Vietnam and the Philippines have had recent skirmishes with Chinese ships in the sea, igniting fresh tensions.

Chinese and Philippine diplomats squabbled Tuesday over the wording of a paragraph on the territorial rifts in a joint statement to be issued by Chinese and ASEAN leaders after they met Wednesday, two Philippine diplomats told The Associated Press on condition of anonymity because they were not authorized to talk to reporters.

When asked by Southeast Asian journalists, who sent in their questions in writing, about fears that China might seek hegemony in the region with its growing military might, Li portrayed his country as a gentle giant which has had no track record of expansionism in Asia — unlike Western powers.

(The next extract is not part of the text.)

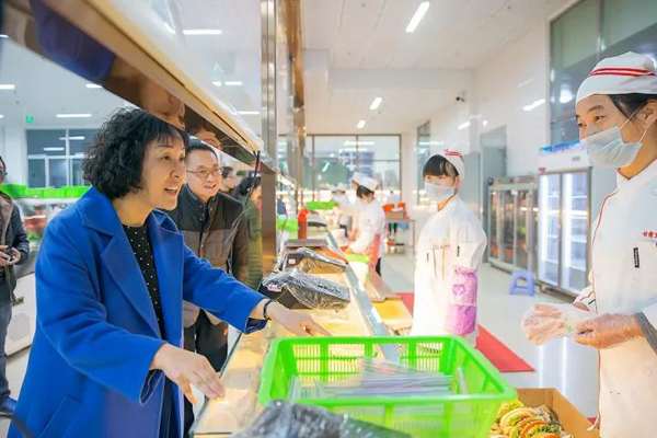 日前,任暉攜同學院辦公室、學生工作處、後勤管理處、信息中心、保衛處等處室負責人深入校園走訪,進一步了解學生入駐新校區後的生活保障情況。任暉院長一行檢查了餐飲設施和環境衛生,了解食品衛生、價格及數量等情況,與學生們一起就餐並希望同學們與學校共同監督食堂菜價的漲跌和衛生情況,發現問題通過正確的途徑及時向學校反映。同時要求後勤管理處強化細節管理;要求餐廳經營方盡可能降低價格,確保學生能吃到安全衛生、經濟實惠的飯菜,盡力減輕學生的生活負擔,讓同學們滿意、讓家長放心;安排學生工作處、後勤管理處與餐廳經營方協商,為學生提供勤工助學崗位,幫助家庭困難學生減輕生活負擔。

But while China is firmly committed to a peaceful rise, Li said it “is unshakable in its resolve to uphold national sovereignty and territorial integrity.”

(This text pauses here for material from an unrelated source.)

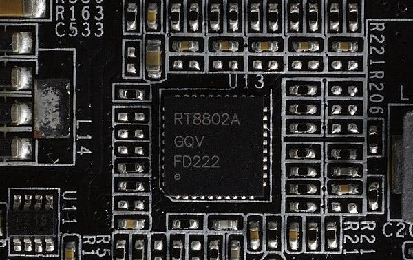 Подсистема питания видеокарты получила 7 фаз. Дополнительная фаза питания используется в цепи питания графического процессора. Теперь он питается по пятифазной схеме. Видеопамять, как и на стандартной модели запитана от двух фаз. Управление фазами питания графического процессора возложено на контроллер RICHTEK RT8802A.
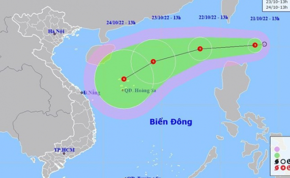 13h/22/10 | Tây, 20 km/h | 19,8N-118,3E;trên vùng biển phía Đông khu vực Bắc Biển Đông | cấp 6-7, giật cấp 9 | 18,0-21,5N; phía Đông kinh tuyến 116,0E | Cấp 3:phía Đông khu vực Bắc Biển Đông |

According to U.S. officials, Kerry is encouraging the ASEAN countries to continue to work “for enhanced coherence and unity” among themselves to bolster their position with China in negotiating a code of conduct for the South China Sea.

China has bristled at what it sees as U.S. interference in its backyard and has only reluctantly agreed to open consultations with ASEAN on a code of conduct. It has also aggressively lobbied some ASEAN members to prevent a consensus on the matter.

The U.S. weighed in on the issue during Obama’s first term, when Washington announced it had a national security interest in keeping the world’s busiest commercial sea lanes open and peacefully resolving competing territorial claims based on freedom of navigation.

One U.S. official said the United States and ASEAN are now in “violent agreement” on the principles of freedom of navigation and negotiated settlements to the territorial disputes.

After their separate meetings with the ASEAN leaders, Li and Kerry met each other. While each extolled a new chapter in Washington-Beijing ties, some friction was evident.

“I am sure that we are committed to living with each other in harmony,” Li told Kerry, while repeating China’s long-standing position that it is far from a developed country and as such cannot be expected to live up to the same standards as the West.

In his remarks, Kerry offered a tart rejoinder.

“We think you are a little more developed that you may want to say you are, but nevertheless we have the same responsibility regardless,” Kerry said.